Noch bin ich aber nicht beim letzten Satz angekommen. Man liest und lauscht dem Erzähler, von dem man meint, er säße neben einem. Da wird kein Weinstraßenklischee ausgelassen, der Wein und das deftige Essen über den grünen Klee gelobt und so nebenbei auch gleich Kritik geübt, weil die Gefahr besteht, dass diese "Weck, Worscht und Woi" – Seligkeit nur noch gespielt und nicht mehr gelebt wird, im Freizeitpark genannt Pfalz. Über die Gegensätze, die das Land auch ausmachen, schreibt er besonders gern: "Rübenwinzer" und Rebenwinzer, Rheinebene und Pfälzer Wald, Industrie und Gemüseäcker...und als alles verbindendes Element sieht er die Lebensart der Menschen an. Ihre Offenheit, ihre Neugier und Großherzigkeit haben es ihm angetan. Bei aller Liebe hält er ihnen dennoch den Spiegel vor und als Einheimische habe ich gerade an diesen Stellen am meisten gelacht. Auch andere kriegen ihr Fett weg, mal satirisch, mal ernst, mal recht emotional, aber immer mit Respekt, da wird niemand fertig gemacht. Und das, was er zu Helmut Kohl zu sagen hat, könnte dazu führen, dass sich dereinst die pfälzer Geister, die sich an ihm scheiden, „änonner widder guud sin“ (einander wieder gut sind). Ich hätte ihm gerne noch länger zugehört, aber irgendwann "is a de ledzschde (letzte) pelzer Schobbe (0,5 Liter) all" und man trollt sich nach Hause. An dieser Stelle sei angemerkt, dass Habekost hin und wieder Worte und ganze Sätze in Pfälzer Mundart einfügt, die aber immer übersetzt werden; und da er als Zugabe auch noch einen kleinen Sprachkurs anbietet, sollte es keine Verständnisprobleme geben.

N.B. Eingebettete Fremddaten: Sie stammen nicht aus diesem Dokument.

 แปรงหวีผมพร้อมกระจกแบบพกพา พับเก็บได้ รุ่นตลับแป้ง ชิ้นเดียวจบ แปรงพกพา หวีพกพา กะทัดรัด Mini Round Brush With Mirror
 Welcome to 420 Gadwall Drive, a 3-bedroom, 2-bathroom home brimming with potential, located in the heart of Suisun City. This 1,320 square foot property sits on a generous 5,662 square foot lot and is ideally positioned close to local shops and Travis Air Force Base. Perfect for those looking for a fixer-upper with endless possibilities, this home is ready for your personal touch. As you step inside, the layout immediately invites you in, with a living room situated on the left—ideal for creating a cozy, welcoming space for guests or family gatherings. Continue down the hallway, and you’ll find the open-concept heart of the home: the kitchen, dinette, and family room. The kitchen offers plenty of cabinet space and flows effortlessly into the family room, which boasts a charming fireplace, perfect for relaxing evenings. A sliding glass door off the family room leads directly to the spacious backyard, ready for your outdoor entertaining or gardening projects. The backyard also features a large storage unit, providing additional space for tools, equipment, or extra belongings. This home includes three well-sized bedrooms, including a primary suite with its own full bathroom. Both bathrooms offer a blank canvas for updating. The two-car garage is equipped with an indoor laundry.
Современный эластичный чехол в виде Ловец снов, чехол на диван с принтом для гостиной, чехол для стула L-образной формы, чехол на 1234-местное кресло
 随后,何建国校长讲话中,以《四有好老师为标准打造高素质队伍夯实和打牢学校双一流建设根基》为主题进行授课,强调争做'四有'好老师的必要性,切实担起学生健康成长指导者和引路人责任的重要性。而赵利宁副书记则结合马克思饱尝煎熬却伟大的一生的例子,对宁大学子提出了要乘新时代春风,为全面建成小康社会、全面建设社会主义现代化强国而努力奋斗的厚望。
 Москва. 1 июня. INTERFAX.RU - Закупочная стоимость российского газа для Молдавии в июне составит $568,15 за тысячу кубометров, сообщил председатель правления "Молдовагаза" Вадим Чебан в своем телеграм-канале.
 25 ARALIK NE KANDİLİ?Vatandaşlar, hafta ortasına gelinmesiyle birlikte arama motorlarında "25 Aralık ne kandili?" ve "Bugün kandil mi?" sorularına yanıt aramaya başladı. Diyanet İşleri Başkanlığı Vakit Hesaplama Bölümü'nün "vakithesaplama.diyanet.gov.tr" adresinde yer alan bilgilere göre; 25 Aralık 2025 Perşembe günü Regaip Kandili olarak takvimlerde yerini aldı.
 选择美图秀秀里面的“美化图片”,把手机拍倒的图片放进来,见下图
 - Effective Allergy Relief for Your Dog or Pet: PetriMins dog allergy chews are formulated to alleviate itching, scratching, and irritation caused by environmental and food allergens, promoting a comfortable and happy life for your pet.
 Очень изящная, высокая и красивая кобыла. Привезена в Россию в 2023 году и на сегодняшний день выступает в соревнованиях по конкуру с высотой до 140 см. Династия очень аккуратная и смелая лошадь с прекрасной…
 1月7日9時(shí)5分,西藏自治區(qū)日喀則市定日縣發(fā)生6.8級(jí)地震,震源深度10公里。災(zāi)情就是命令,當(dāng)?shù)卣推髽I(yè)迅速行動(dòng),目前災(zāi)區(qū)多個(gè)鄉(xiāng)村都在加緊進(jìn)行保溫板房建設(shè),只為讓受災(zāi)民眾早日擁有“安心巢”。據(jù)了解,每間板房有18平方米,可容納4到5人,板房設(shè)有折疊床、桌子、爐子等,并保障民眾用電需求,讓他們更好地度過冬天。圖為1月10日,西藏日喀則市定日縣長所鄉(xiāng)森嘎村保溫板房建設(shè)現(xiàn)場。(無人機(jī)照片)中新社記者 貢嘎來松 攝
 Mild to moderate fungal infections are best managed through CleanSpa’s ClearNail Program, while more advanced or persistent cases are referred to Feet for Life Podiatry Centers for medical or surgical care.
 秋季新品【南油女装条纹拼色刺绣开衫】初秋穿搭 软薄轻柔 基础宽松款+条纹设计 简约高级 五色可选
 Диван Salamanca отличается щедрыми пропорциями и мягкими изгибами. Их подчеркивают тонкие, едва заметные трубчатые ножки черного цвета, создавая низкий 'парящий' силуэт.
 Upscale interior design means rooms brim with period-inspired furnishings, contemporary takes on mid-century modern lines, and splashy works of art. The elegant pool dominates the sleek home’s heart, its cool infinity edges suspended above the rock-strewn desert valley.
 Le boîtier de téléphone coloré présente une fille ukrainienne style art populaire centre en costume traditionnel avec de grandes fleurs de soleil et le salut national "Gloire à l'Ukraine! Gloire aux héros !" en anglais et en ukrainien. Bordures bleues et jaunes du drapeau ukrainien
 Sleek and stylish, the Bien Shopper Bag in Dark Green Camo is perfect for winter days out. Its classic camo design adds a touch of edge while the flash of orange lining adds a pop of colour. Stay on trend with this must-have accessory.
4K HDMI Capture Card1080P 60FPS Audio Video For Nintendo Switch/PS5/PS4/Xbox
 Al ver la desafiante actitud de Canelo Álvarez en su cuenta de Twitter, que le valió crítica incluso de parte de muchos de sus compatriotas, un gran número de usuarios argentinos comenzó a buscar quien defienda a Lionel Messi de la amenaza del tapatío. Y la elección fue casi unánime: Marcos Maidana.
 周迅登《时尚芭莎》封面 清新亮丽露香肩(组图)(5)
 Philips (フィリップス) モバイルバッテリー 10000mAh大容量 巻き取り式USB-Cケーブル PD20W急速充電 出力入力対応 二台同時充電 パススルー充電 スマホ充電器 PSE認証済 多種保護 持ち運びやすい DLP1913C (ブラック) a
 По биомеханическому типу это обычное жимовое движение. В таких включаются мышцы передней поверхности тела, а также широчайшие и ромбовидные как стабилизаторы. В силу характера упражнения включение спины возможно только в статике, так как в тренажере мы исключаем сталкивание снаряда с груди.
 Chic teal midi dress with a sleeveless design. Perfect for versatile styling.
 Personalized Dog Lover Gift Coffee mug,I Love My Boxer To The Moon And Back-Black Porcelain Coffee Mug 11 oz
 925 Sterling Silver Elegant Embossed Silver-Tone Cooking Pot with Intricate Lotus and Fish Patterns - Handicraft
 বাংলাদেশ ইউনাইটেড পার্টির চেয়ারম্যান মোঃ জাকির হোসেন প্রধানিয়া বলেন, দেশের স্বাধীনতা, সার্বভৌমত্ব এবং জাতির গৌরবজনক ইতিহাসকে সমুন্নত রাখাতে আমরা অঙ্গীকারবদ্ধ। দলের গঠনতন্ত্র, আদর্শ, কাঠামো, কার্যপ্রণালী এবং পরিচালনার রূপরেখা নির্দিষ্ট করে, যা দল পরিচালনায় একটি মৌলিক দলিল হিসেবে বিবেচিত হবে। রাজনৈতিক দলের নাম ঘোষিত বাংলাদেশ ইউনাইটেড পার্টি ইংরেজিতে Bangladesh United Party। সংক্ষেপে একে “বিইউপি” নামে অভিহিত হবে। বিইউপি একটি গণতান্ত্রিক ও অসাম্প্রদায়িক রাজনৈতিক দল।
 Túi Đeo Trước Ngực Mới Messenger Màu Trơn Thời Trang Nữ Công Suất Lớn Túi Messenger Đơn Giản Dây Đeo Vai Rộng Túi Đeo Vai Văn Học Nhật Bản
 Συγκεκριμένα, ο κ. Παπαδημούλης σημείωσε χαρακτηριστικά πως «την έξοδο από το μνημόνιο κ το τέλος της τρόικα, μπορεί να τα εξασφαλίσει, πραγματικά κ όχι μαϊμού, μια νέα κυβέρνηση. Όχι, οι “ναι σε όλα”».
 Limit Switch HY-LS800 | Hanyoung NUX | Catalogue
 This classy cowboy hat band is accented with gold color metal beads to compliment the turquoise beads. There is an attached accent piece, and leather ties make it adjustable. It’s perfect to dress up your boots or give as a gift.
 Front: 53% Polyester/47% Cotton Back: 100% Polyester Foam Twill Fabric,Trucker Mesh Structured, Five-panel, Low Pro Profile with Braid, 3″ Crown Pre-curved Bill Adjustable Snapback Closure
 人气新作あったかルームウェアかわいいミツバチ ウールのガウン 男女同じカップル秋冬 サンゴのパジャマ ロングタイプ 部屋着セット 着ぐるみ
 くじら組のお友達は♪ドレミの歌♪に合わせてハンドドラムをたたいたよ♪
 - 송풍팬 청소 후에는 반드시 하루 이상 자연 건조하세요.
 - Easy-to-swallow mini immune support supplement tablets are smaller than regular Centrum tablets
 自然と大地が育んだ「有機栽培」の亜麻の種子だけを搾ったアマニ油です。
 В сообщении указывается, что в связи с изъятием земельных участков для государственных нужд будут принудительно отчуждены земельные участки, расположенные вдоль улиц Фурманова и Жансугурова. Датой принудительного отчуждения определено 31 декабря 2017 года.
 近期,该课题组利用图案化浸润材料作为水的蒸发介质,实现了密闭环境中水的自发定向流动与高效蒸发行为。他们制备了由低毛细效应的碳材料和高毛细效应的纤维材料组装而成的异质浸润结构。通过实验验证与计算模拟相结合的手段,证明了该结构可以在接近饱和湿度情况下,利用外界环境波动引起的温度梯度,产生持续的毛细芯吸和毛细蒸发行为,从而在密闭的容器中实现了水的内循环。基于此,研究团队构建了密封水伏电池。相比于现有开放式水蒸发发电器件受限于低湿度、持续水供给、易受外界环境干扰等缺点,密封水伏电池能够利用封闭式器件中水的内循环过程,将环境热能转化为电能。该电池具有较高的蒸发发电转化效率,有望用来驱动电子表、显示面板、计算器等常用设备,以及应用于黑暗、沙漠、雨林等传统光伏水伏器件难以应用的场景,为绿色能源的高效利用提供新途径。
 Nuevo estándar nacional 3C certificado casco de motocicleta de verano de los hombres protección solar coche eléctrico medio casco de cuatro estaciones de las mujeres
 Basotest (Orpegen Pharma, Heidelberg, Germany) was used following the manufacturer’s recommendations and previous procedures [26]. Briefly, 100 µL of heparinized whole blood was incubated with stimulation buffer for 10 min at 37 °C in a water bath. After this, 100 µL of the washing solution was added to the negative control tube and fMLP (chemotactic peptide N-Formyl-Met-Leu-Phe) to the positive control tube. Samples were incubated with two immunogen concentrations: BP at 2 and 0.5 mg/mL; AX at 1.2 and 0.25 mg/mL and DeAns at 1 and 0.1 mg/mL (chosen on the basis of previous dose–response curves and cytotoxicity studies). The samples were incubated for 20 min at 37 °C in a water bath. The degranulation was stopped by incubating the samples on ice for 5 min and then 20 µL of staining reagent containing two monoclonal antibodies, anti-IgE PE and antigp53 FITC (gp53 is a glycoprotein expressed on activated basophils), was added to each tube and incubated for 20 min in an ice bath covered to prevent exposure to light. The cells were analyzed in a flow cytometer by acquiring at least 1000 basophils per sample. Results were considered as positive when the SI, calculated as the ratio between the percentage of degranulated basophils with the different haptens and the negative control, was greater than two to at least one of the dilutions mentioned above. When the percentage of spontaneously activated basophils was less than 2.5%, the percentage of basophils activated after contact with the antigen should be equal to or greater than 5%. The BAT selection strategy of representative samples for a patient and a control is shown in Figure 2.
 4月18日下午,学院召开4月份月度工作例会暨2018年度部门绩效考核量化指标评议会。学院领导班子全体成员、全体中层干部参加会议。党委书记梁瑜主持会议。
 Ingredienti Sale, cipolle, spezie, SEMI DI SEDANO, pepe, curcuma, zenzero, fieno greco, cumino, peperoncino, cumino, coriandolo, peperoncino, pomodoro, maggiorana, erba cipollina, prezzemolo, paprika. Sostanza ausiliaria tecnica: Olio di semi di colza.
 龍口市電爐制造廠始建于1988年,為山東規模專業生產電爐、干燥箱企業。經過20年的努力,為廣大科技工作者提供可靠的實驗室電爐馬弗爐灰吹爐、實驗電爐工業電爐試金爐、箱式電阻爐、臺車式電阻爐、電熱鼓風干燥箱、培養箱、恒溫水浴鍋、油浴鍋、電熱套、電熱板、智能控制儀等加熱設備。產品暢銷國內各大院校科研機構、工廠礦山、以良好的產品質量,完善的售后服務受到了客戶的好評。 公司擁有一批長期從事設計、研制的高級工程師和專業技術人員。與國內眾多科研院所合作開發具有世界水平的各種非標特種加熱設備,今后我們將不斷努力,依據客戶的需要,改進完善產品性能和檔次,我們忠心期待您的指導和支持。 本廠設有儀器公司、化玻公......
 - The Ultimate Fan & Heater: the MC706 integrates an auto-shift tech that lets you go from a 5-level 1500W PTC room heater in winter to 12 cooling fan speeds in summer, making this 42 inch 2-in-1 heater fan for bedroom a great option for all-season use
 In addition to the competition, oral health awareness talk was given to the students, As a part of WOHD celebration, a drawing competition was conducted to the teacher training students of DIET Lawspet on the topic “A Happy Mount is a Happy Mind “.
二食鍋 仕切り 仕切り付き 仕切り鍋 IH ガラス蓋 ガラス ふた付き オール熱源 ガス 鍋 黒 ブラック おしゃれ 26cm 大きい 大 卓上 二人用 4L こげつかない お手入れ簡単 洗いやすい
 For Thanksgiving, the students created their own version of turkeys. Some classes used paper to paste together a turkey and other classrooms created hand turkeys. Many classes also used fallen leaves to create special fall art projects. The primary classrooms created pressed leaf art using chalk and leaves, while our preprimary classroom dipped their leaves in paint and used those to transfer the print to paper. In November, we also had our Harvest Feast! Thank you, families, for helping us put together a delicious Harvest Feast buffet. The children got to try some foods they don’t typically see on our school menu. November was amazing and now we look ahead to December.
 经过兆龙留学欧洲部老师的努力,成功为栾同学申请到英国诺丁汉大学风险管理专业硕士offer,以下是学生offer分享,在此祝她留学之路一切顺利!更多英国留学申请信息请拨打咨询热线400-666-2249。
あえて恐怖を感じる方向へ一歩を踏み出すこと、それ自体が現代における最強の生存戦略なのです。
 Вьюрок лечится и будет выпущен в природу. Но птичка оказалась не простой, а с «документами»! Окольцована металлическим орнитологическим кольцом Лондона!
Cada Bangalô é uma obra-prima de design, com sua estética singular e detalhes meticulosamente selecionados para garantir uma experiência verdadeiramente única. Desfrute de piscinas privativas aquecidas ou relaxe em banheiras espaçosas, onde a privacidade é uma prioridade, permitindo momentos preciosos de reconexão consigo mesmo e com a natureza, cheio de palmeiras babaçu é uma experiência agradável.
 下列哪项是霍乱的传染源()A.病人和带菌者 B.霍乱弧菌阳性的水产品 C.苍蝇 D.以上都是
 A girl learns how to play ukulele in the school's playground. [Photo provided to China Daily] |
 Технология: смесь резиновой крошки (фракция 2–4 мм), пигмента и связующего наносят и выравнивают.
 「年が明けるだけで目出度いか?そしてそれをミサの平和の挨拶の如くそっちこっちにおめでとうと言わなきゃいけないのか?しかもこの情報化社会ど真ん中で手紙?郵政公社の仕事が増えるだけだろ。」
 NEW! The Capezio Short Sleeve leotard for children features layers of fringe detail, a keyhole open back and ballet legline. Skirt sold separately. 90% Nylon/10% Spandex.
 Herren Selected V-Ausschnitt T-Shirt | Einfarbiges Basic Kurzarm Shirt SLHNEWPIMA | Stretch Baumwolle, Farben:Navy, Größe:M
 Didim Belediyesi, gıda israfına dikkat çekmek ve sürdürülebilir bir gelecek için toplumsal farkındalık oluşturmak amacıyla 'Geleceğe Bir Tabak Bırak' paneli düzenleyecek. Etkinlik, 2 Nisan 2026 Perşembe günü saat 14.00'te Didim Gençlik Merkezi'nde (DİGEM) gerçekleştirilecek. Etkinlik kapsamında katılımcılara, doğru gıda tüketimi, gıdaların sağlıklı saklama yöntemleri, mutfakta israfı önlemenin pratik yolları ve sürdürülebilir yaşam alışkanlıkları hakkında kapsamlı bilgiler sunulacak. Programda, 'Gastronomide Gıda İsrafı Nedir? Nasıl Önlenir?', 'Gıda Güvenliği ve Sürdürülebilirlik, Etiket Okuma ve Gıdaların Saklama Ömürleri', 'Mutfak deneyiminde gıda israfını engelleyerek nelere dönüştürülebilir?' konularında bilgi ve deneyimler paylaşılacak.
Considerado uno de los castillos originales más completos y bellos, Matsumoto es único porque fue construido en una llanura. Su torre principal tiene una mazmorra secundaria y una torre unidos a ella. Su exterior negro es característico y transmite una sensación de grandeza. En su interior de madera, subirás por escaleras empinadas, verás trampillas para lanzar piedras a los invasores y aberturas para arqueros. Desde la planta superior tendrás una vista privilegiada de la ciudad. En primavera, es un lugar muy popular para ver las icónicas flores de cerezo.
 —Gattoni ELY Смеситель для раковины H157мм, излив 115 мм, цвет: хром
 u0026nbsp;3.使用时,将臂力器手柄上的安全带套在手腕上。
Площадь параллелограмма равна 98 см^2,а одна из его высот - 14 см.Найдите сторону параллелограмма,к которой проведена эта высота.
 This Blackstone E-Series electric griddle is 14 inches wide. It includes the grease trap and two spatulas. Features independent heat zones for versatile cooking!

Ein großer Teil des Textes befasst sich mit der Weinstraßenromantik und dem Pfälzer Wald samt seinen Burgen, und wie der Autor selbst schon gemutmaßt hat, wird man ihm Auslassungen vorhalten, was ich an dieser Stelle nun tun werde. Ich hätte mich gefreut, wenn er sich der Kultur im allgemeinen mehr angenommen hätte. Als Beispiele seien hier angeführt das Straßentheaterfestival in Ludwigshafen, das vielfältige Mundarttheater (auch jenseits des Boulevards) und die sehr lebendige Kleinkunstszene. Trotzdem, seine Gebrauchsanweisung ist ihm gelungen, ja so "simmer" (sind wir). Und wer seine Tipps und Hinweise ernst nimmt und befolgt, wird sich als Tourist oder "Roigschlengerder" (Zugezogener) recht schnell hineinfinden in Landschaft und  Lebensart dieses "Strichs von Land" wie ihn Habekost nennt.

Aufmachung des Buches

Das Cover des Taschenbuches zeigt einen Weinberg mit der Wachtenburg im Hintergrund. Das ist zwar gut gewählt, hat aber den Nachteil, dass es nicht so wirklich auffällt. Immerhin wird der Blick gleich auf Titel und Name des Autors gelenkt. Das Buch hat einen flexiblen Einband und liegt deshalb gut in der Hand. Das griffige weiße Papier ist ganz leicht abgetönt und tut den Augen gut. Eine Karte gleich am Anfang umreißt das Gebiet zwar recht grob, hilft aber dennoch bei der Orientierung. Ein paar wenige Druckfehler haben sich eingeschlichen so wird z. B. aus Ludwig I., Ludwig II. (Seite 108) und niemandem ist aufgefallen, dass das Saarland nicht östlich der Pfalz liegt (Seite 188). Mit dem Quellenverzeichnis schließt das Buch.

Fazit
Eine wunderbare Liebeserklärung an das Land und seine Menschen.